Rocker Gavin Rossdale reveals eggs are his secret weapon on tour, here's why
The 59-year-old London-born musician is the host of a new TV series, "Dinner with Gavin Rossdale."
The six-episode debut season features celebrity guests such as Serena Williams, Tom Jones and Brooke Shields, who speak about their careers and motivations while enjoying dinner that Rossdale makes for them at his Los Angeles home.
It's a change of pace for the Bush frontman, who has spent a good deal of his professional life on the road.
Eating healthfully while on tour is "traditionally quite difficult," Rossdale told Fox News Digital, "unless you travel with catering." (See the video at the top of this article.)
Traveling from location to location without catering can result in "some dodgy meals on tour," Rossdale said — such as green beans that are "cooked beyond recognition."
His go-to food before a concert, Rossdale revealed, is boiled eggs.
"I just boil, usually, about three or four eggs, and I just let them sit in soy sauce and rice wine vinegar, a bit of mirin maybe," Rossdale said.

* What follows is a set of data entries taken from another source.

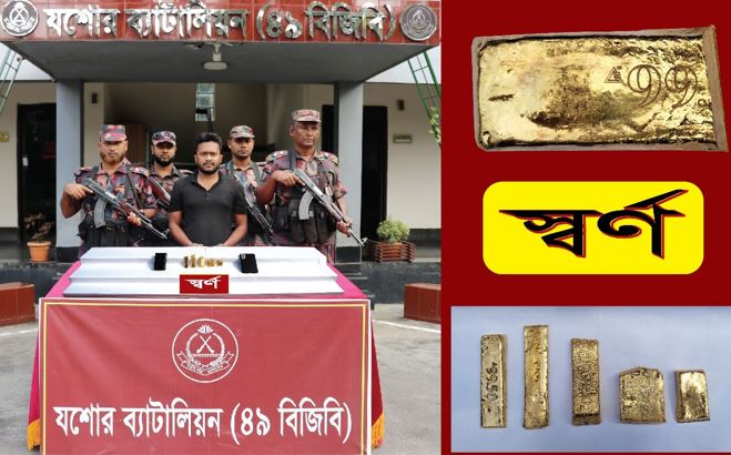 যশোর অফিস যশোরের ১৮ সেপ্টেম্বর বর্ডার গার্ড বাংলাদেশ (বিজিবি) যশোর ব্যাটালিয়ন (৪৯ বিজিবি) অভিযান চালিয়ে কোটি টাকা মূল্যের পাঁচটি স্বর্ণের
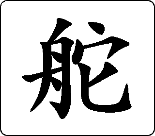会意字。“舟”像船,“它”古文字像蛇,表示舵摆动像蛇昂首摇尾的样子。本义是船尾用来控制船航行方向的装置。
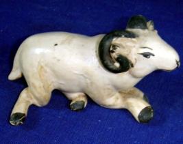 | Description / विवरण | Ram made of paper mache in seated position with two horns. The features are depicted with black paints. |
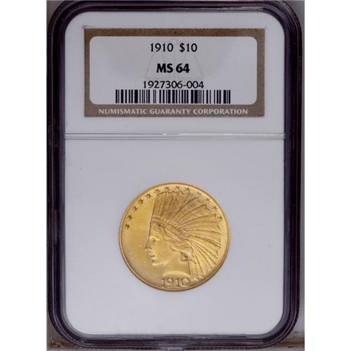 <B>1910<$10> MS64 NGC.</B></I> An eye-catching example with even golden color and nice gentle luster. A few faint imperfections are noted, all exceedingly minor.
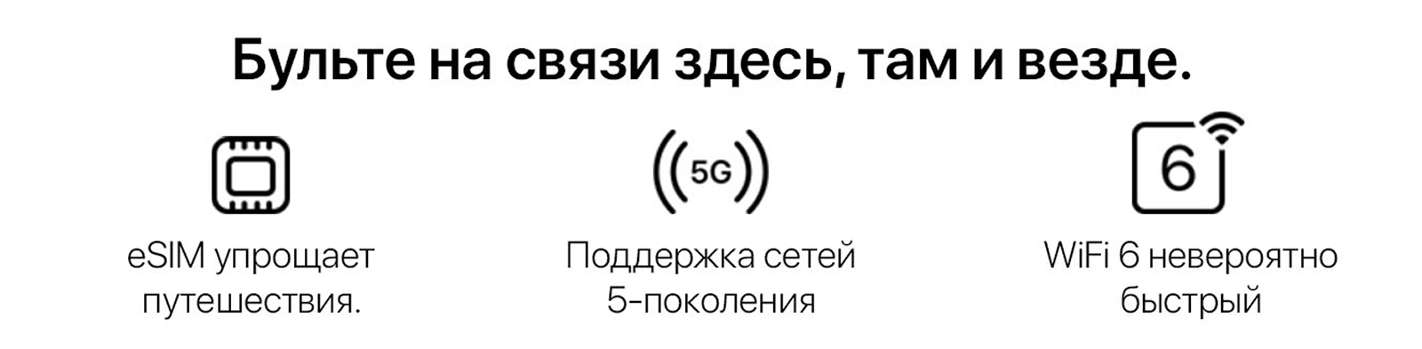 Просто активируйте eSIM для страны, которую вы посещаете, перед отъездом. Или когда вы приедете. 5G обеспечивает сверхбыструю работу, так что вы можете совершать высококачественные звонки по FaceTime, быстро загружать файлы и играть в многопользовательские игры в режиме реального времени на ходу. Wi-Fi 6 работает очень быстро. Таким образом, вы можете транслировать фильмы в самом высоком разрешении. И совершайте звонки по Wi-Fi без сучка и задоринки.
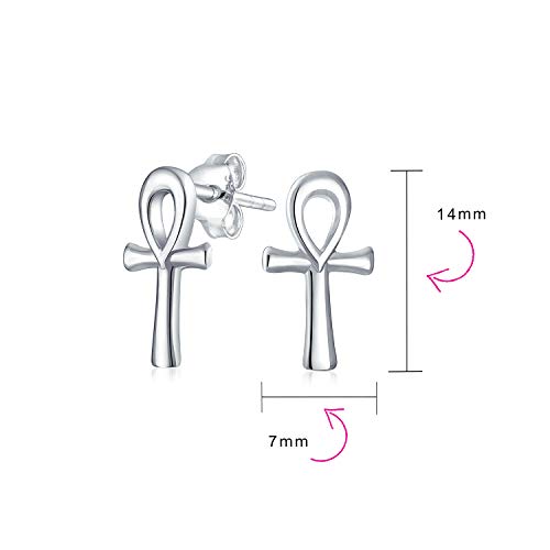 Orecchini Minimalisti Petite Delicato Simbolo Religioso Della Vita Ankh Egiziano Croce Per Donne Per Uomini Lucido .925 Argento
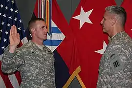 Граждане Украины, которые призваны или добровольно вступили на военную службу, принимают военную присягу на верность народу Украины, её составляют в торжественной обстановке, с оружием в руках, у боевого знамени воинской части, перед строем командиров и воинов. Молодой воин даёт персональную клятву народу Украины, государству, называя свою фамилию, имя, отчество.
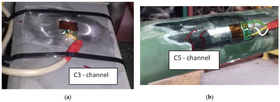 The measuring points were installed on an unloaded car. This was carried out to determine the loads caused by the vehicle’s operation; therefore, it was not necessary to install them in an unloaded state. A view of the developed measuring points is shown in Figure 5.
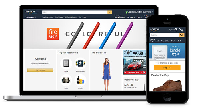 Окрему мобільну версію використовує більшість великих світових і українських інтернет-магазинів: Amazon, Aliexpress, Asos, Zappos, Ikea, Rozetka, Fotos тощо.
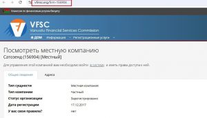 Однако при детальном изучении было обнаружено, что ссылки данных страниц совершенно не совпадают с официальными сайтами регуляторов. На примере рассмотрим данные о лицензировании VFSC. Видно, невооруженным взглядом, что ссылка на эти сведения фейковая. Использование поддельных документов – явный признак обмана.
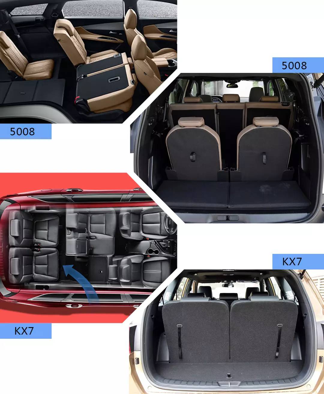虽然KX7标榜自己是中型SUV,但其2700mm的轴距有点名不副实。相比于KX7而言,标致5008长达2840mm的轴距才可以说自己是一款真正的中型SUV。比较它们整体的空间表现,虽然第三排座椅放好之后后备厢的空间确实所剩不多,但很明显标致5008的车内空间更胜一筹;KX7的第三排空间则略显局促。
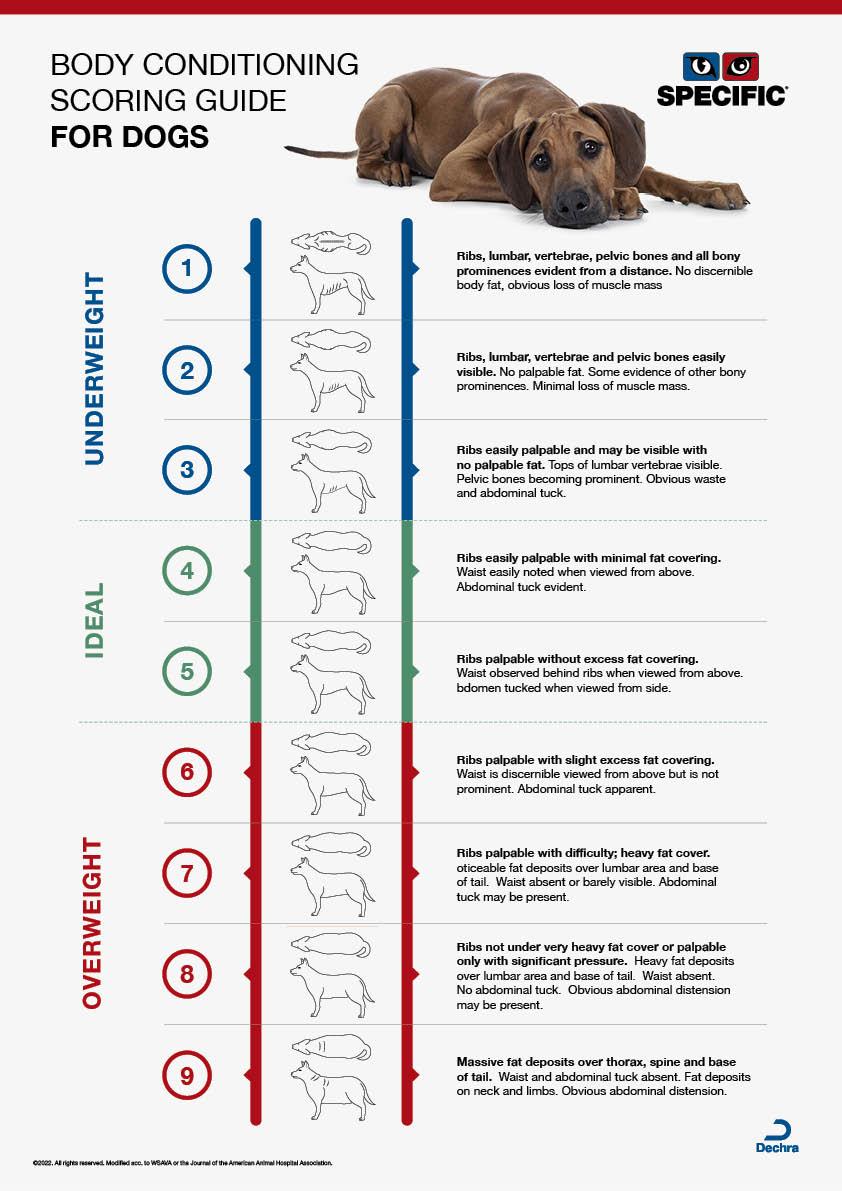 - Show the dog owner how to check for their dog’s ribs. Also, there are now on-pack body size checkers on many petfood products to help dog owners easily assess their dog’s weight.

He called it "an instant sort of jolt."
"I'm a three-egg kind of guy," Rossdale added.
In the "Dinner with Gavin Rossdale" trailer, Rossdale reflects on what an American jazz trumpeter once proclaimed.
"Miles Davis said that every musician should be able to cook, so I took that as a great inspiration with my love affair with food," Rossdale said.
Rossdale told Fox News Digital his interest in cooking really started when he was living on his own.
"I didn't have any money, so I had to cook something to eat," he said.
Rossdale knew how to make "a bit of a tomato sauce" and, because he lived near a market, shrimp stir-fry.
When a good friend who had grown up around the restaurant industry moved in, Rossdale was impressed by his roommate's "big repertoire" and became "super competitive."
"I was not going to be left in the dust with my shrimp stir-fry," Rossdale said.
He soon developed a "feel for it."
"And there's so many things I really don't have a feel for," Rossdale said.
"I've put a plate of food together – and people like it."
He said he's not sure how he developed his "little secret superpower."
But, he added, "I've put a plate of food together – and people like it."
Rossdale told Fox News Digital that he recently made chicken tacos for fellow musicians Brent Smith, the lead singer of Shinedown, and Morgan Wade.
"I knew that with red cabbage, it's too crunchy," he said. "So, you've got to put vinegar. You've got to kill that. You've got to macerate that. You've got to make it soft."
It was "really basic" and "nothing complicated," he confessed.
"I didn't reinvent any wheels," Rossdale said. "And I'm not going to get any prizes, and no one's going to get me in their Hall of Fame for that. But they liked it."